* What is being asked:
Each line in the material below must be transcribed exactly; no picture belongs in the copy.

* Collected data:
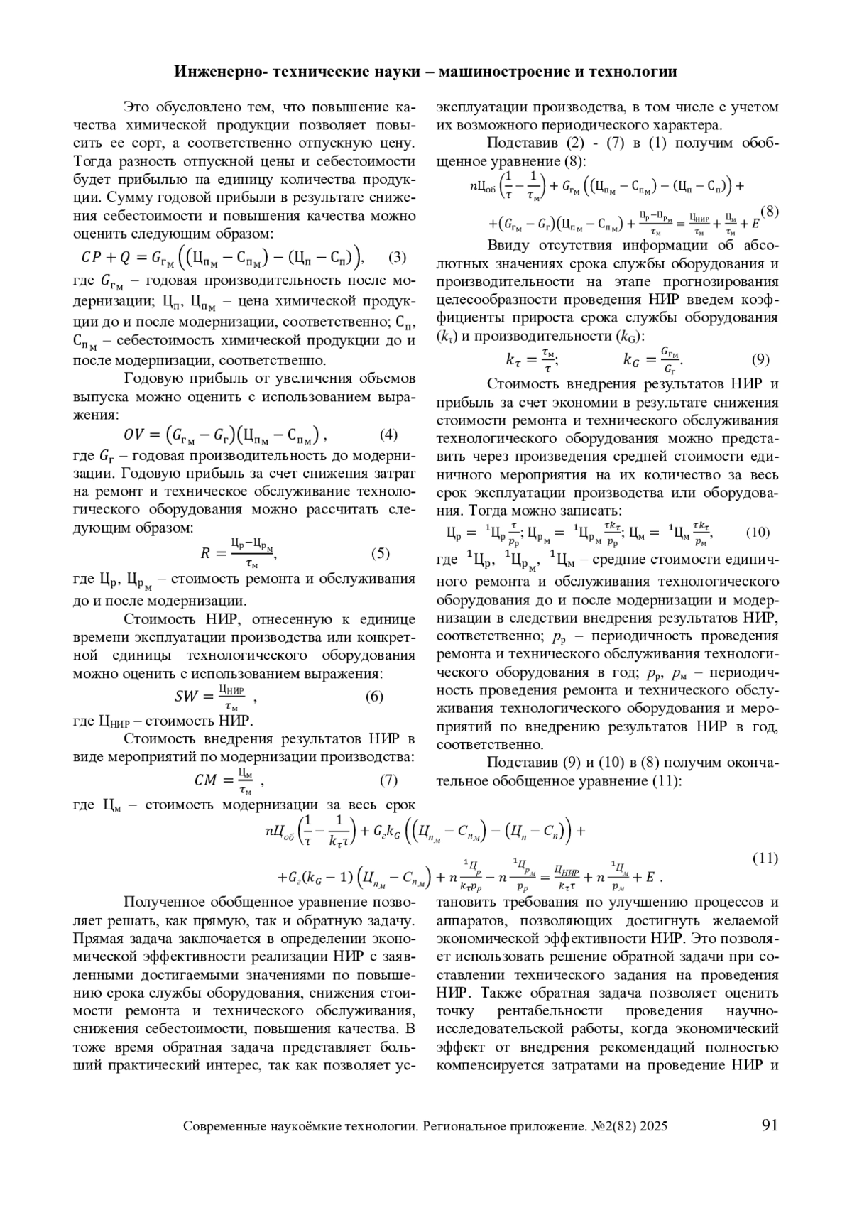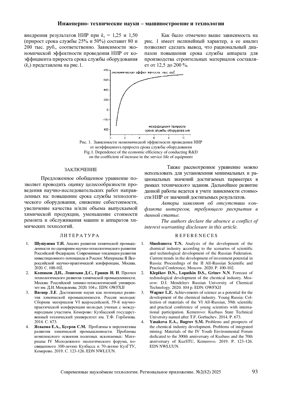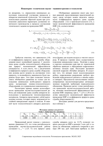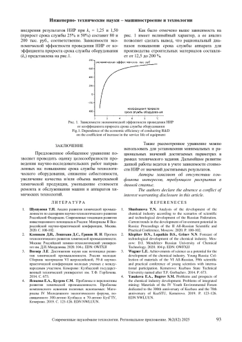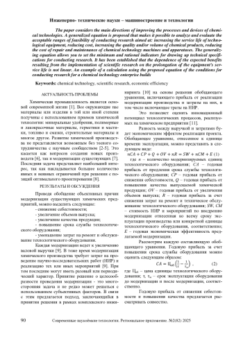 В работе рассмотрены основные направления совершенствования процессов и аппаратов химических технологий. Предложено обобщенное уравнение, позволяющее провести анализ и оценить допустимые диапазоны целесообразности проведения научно-исследовательских работ направленных на: повышение срока службы технологического оборудования, снижение себестоимости, увеличение качества и/или объема выпускаемой химической продукции, уменьшение стоимости ремонта и обслуживания машин и аппаратов химических технологий. Обобщающее уравнение позволяет установить минимальный и рациональные показатели, для составления технического задания на проведение научно-исследовательских работ. Установлено, что зависимость ожидаемой выгоды в результате реализации научно-исследовательских работ от продления срока службы оборудования имеет не линейный вид. Приведен пример расчета с использованием предложенного уравнения условий проведения научно-исследовательских работ для предприятия химической технологии строительных материалов.
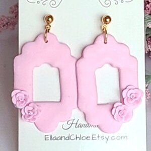 Beautiful Handmade Clay Pastel Dusty Light Pink Floral Flower Gold Tone Drop Statement Earrings
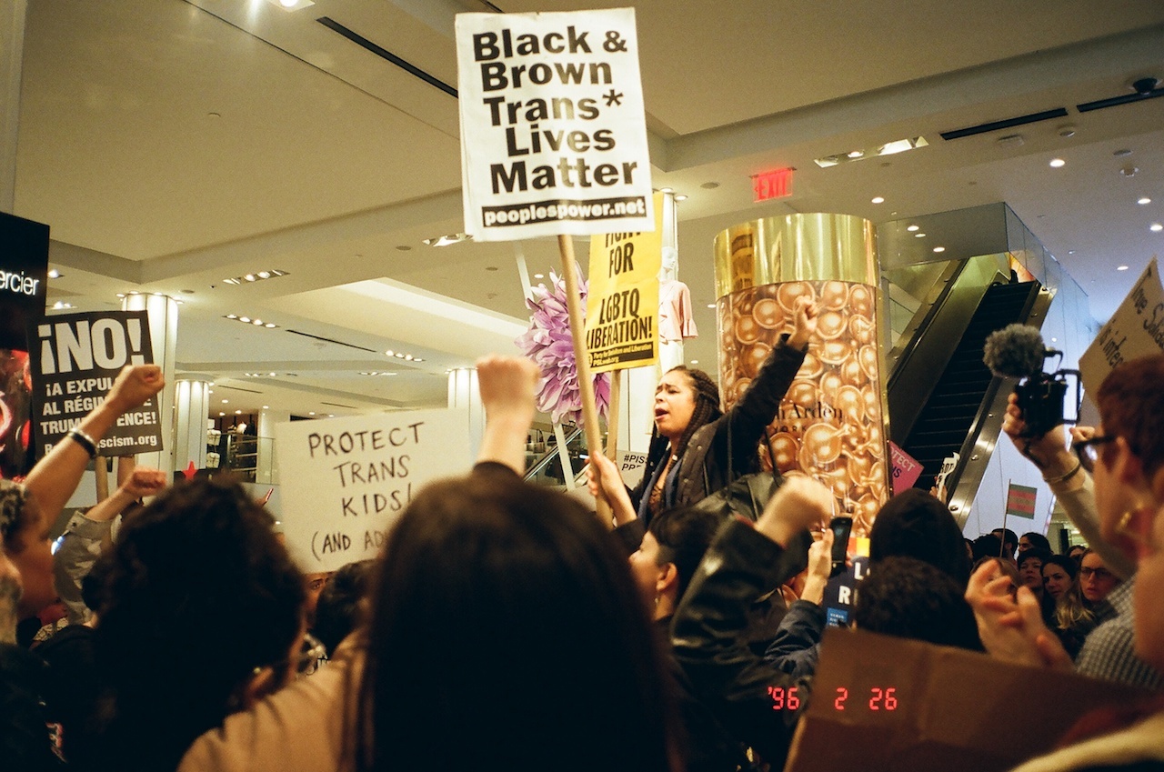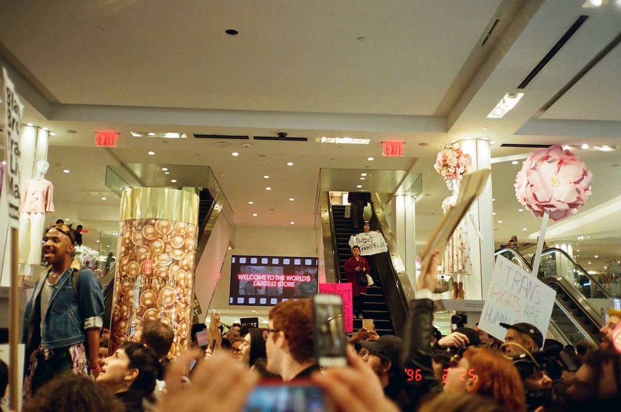We made our way through Chelsea and rounded the corner at Madison Square Garden, before flooding into the Herald Square Macy’s on 34th Street. A flashing jumbotron screen inside proclaimed it to be the city’s biggest department store. “It’s fitting,” one march leader cried, standing among a constellation of makeup counters, “that we’ve taken over the cosmetics section! Because whether you like it or not, this is where trans people have found our identities for a very long time.” Many women working in the department cheered right along with us.

* Response to the exercise:
 В работе рассмотрены основные направления совершенствования процессов и аппаратов химических технологий. Предложено обобщенное уравнение, позволяющее провести анализ и оценить допустимые диапазоны целесообразности проведения научно-исследовательских работ направленных на: повышение срока службы технологического оборудования, снижение себестоимости, увеличение качества и/или объема выпускаемой химической продукции, уменьшение стоимости ремонта и обслуживания машин и аппаратов химических технологий. Обобщающее уравнение позволяет установить минимальный и рациональные показатели, для составления технического задания на проведение научно-исследовательских работ. Установлено, что зависимость ожидаемой выгоды в результате реализации научно-исследовательских работ от продления срока службы оборудования имеет не линейный вид. Приведен пример расчета с использованием предложенного уравнения условий проведения научно-исследовательских работ для предприятия химической технологии строительных материалов.
 Beautiful Handmade Clay Pastel Dusty Light Pink Floral Flower Gold Tone Drop Statement Earrings
We made our way through Chelsea and rounded the corner at Madison Square Garden, before flooding into the Herald Square Macy’s on 34th Street. A flashing jumbotron screen inside proclaimed it to be the city’s biggest department store. “It’s fitting,” one march leader cried, standing among a constellation of makeup counters, “that we’ve taken over the cosmetics section! Because whether you like it or not, this is where trans people have found our identities for a very long time.” Many women working in the department cheered right along with us.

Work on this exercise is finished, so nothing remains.